Starting on November 3, 2025, we'll start to use some data from members in these regions to train these content-generating AI models. This may include details from your profile and public content you post on LinkedIn; it does not include your private messages.

Claude (Anthropic) Update (Effective Sept 28, 2025): Anthropic's Claude Free, Pro, and Max accounts now default to ON for using new chats and coding sessions to train AI models. If you don't opt out, your data may be kept for up to five years. See the Anthropic announcement and The Verge coverage.

Why This Matters

  • Data Becomes Power: Default opt-ins mean your content and ideas fuel systems without your explicit consent. For leaders, this erodes control over thought leadership and visibility.
  • Bias Amplified: Models trained on “whatever is available” embed and scale existing bias. Women's voices risk distortion, misrepresentation, or disappearance altogether.
  • Strategic, Legal, and Reputational Risk: These aren't only privacy updates. They impact confidentiality, IP ownership, compliance obligations, and corporate governance.
  • Opportunity for Leadership: Leaders who act early can build a culture of vigilance and shape their organization's stance on data and AI.

Immediate Actions to Take

  • LinkedIn: Go to Settings → Data Privacy → Generative AI Improvement. Toggle OFF if you want to opt out. Action this immediately.
  • Claude / Anthropic: In Settings → Privacy → Help Improve Claude, choose OFF if you don't want your future chats used. Do this before Sept 28, 2025.
  • All Platforms: Regularly audit your settings and review T&C changes on an ongoing basis. Make this part of your leadership discipline.

Looking Ahead

In the next 18–24 months expect two powerful forces to shape how leaders show up on AI and data: rising user expectations from customers, employees, and boards demanding transparency, and gradual regulatory scrutiny as the EU AI Act takes effect in 2026 and Singapore, Japan, and the UK tighten their frameworks.
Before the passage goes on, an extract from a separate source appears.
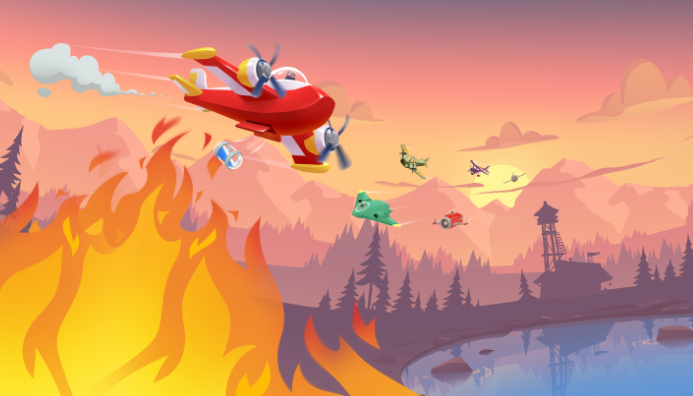 Fly through various dynamically staged environments like burned-out treetops, smoke-filled skies, and rejuvenating lakes. Each level presents a new and unique experience, ranging from firestorms, where the wildfires are developing back row when you are on your back row and limited to narrow canyons with steep walls to fight the flames with no regard for your own safety while knowing your boundaries, straight through to intense and fast wildfires with a courageous sombre note.

Together, these forces will raise the bar for executive responsibility. Leaders who prepare early will set the tone for what responsible leadership looks like in the age of AI.

The Bottom Line

These updates from LinkedIn and Claude are not small changes. They are early signals of how power, privacy, and AI are being renegotiated. Opting out is necessary but not enough. Leaders must understand the shifts, anticipate the risks, and set the narrative.

Build the capability to set the agenda for how AI, privacy, and power coexist in your organization.